Zen Salles- No teatro, estou sempre tramando novas coisas, é esse o meu ofício e ponto. Na televisão... Sim, mas ainda não posso revelar por questões contratuais. Teledramaturgia é bem assim: o processo de produção começa com pelo menos dois anos de antecedência. Mas, nesse ínterim, você quase sempre assina um contrato de sigilo absoluto, que é para não vazar nada. E a multa é uma coisa medonha. Se revelar, vou ficar endividado pelo resto da vida. Melhor não, né? Mas me aguardem. Vem coisa boa por aí. Sempre vem! E se não vier a gente vai atrás.
O Estado- Em Sessão de Terapia, você escreve as sessões do Breno, um homem orgulhoso e, aparentemente, impiedoso. Gostaria que você descrevesse o Breno e o processo de construção desse personagem.
Zen Salles- O Breno deu um trabalho danado, pois ele foi o único dos personagens de Sessão de Terapia que realmente passou por uma modificação significativa. Explico: na versão de Israel, que é a matriz, esse personagem era quase um homem-bomba. Ele tinha acabado de bombardear acidentalmente uma escola onde 12 crianças morreram naquela região conflituosa perto da Faixa de Gaza. Como bombardeio ainda não é nada comum aqui no Brasil, a gente decidiu que ele seria um atirador de elite, tipo um Capitão Nascimento que precisa de um terapeuta urgentemente depois que o tiro que matou um traficante também atingiu acidentalmente uma criança de 12 anos numa escola na maior favela da capital paulista. E tanto no original israelense como na versão dos Estados Unidos, esse personagem era bem mais duro e ácido. Aqui a gente deixou Breno um pouco mais debochado, com um humor tipicamente brasileiro. O Hagai Levi, que é o criador da série original, acompanhou todo esse processo de perto e, no fim de tudo, ele aprovou a nossa adaptação e ainda nos convidou para visitá-lo em Tel-Aviv. Eu fiz esse trabalho juntamente com a Jaqueline Vargas, que é a responsável pela redação final da série. E o Selton Mello, que é o diretor da versão brazuca, também participou ativamente desse processo. Devo dizer que perdi algumas semaninhas de sono e rugas nas pálpebras, mas estou aqui, vivinho da silva e já pronto para outras.
O Estado- Como é ser dirigido por Selton Mello? Desafiador? Enriquecedor? Intimidante? Que tom ele dá aos seus textos?

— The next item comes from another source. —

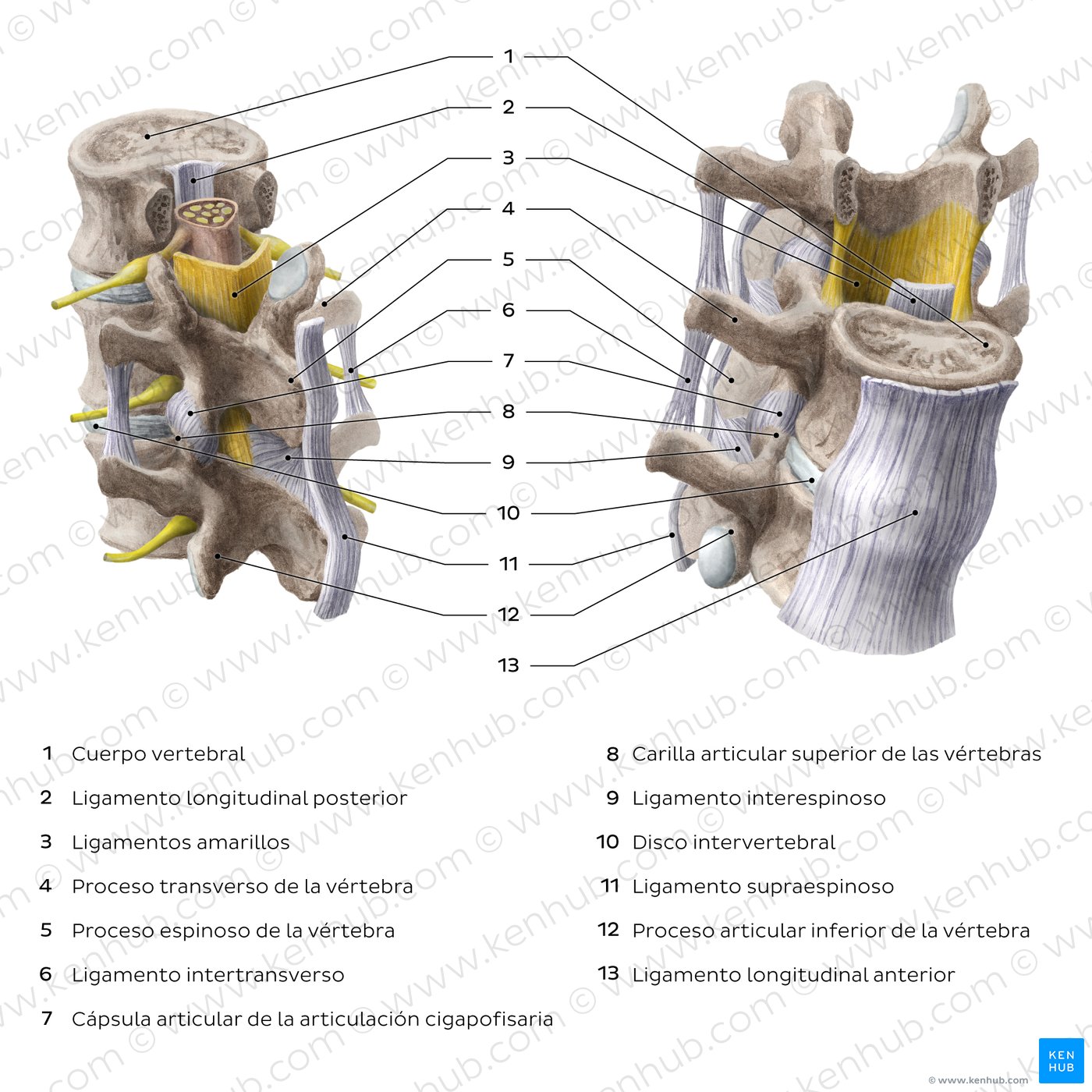 Ligamentos principales Ligamento longitudinal anterior: caras anteriores de los cuerpos vertebrales y de los discos intervertebrales Ligamento longitudinal posterior: caras posteriores de los cuerpos vertebrales y de los discos intervertebrales Ligamentos accesorios Ligamento amarillo: cara posterior del conducto vertebral, a lo largo de las láminas adyacentes Ligamentos interespinosos: procesos espinosos adyacentes Ligamentos supraespinosos: extremos de los procesos espinosos Ligamentos intertransversos: procesos transversos adyacentes Ligamento nucal: protuberancia occipital externa al proceso espinoso de C7 |

Zen Salles- O Selton é um fofo. A gente já se curtiu logo de cara. Acho que é porque ele é tão debochado como eu, tem o seu lado criança, faz seu trabalho com alegria, com um prazer quase que sexual. Mas, quando tem de ser rigoroso, ele é bastante exigente e profissional. Foi superenriquecedor para mim essa experiência com o Selton. Já saímos para a balada e ele é muito divertido. Ele é bem aquilo mesmo que a gente assiste na tela, aquela voz passada dele, com um sotaque carioquês bastante peculiar. Enfim... Ele é uma figuraça. Foi massa trampar e aprender com ele, quero mais. Mas será que não vem mais por aí? Huuum... Pausa dramática agora, suspense, trilha de filme do Tarantino. O que eu posso dizer por enquanto é que ele acertou na escolha do ator para fazer Breno, que também é de teatro, o Sergio Guizé. Ele até poderia ter escolhido um galãzinho de novela da Globo. Mas não. O cara apostou no talento de verdade. E foi no alvo certo. Um tiro mais que certeiro. Salve o Selton!